● **How to complete this task**: Transcribe the full listing below, word for word, without pictures.

● **Raw data**:

- - -

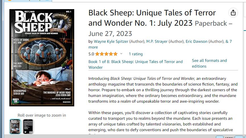 A book went on sale this month with one of my stories in it. Go to my author site or just hop on Amazon and search for Black Sheep #11. It contains ten stories of speculative fiction, and man, some of the stories are weird.
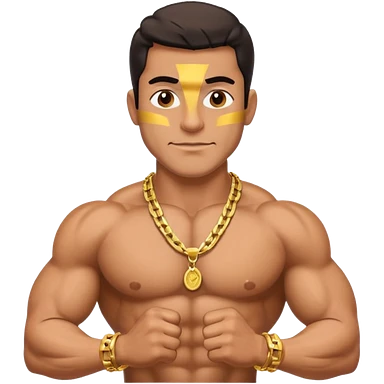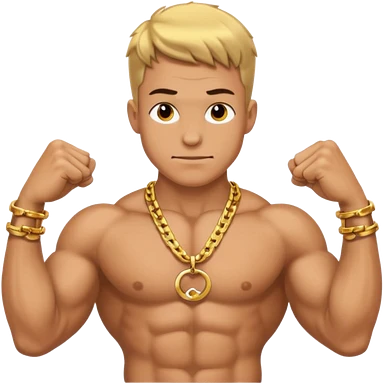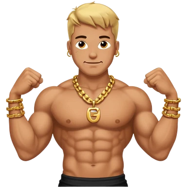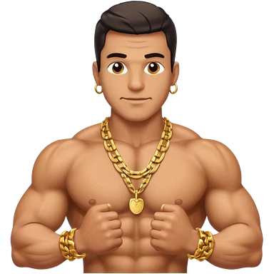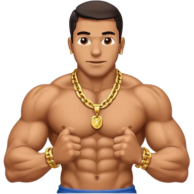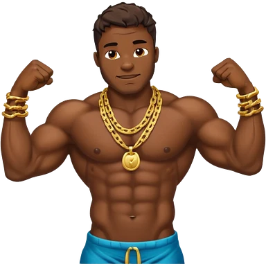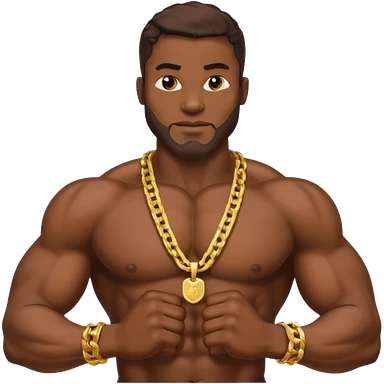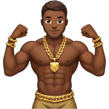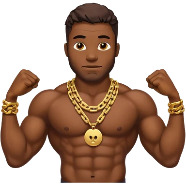 smug muscular shirtless nigerian flexing with gold chain emoji
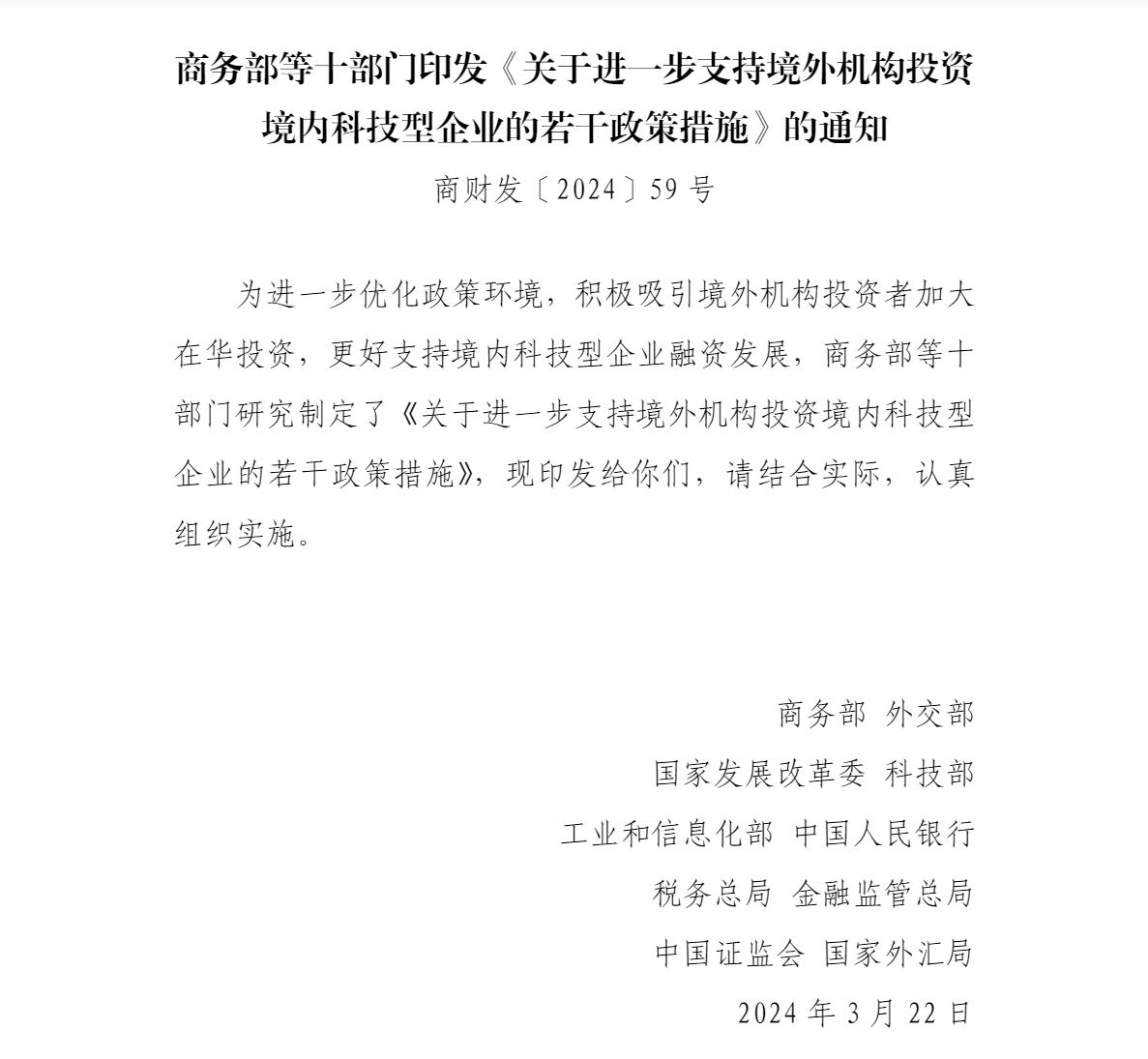 近日,商務部、外交部、國家發展改革委、科技部、工業和信息化部、中國人民銀行、稅務總局、金融監管總局、中國證監會、國家外匯局十部門聯合印發《關于進一步支持境外機構投資境內科技型企業的若干政策措施》(以下簡稱《若干措施》)。

- - -

● **Task response**:
 A book went on sale this month with one of my stories in it. Go to my author site or just hop on Amazon and search for Black Sheep #11. It contains ten stories of speculative fiction, and man, some of the stories are weird.
 smug muscular shirtless nigerian flexing with gold chain emoji
 近日,商務部、外交部、國家發展改革委、科技部、工業和信息化部、中國人民銀行、稅務總局、金融監管總局、中國證監會、國家外匯局十部門聯合印發《關于進一步支持境外機構投資境內科技型企業的若干政策措施》(以下簡稱《若干措施》)。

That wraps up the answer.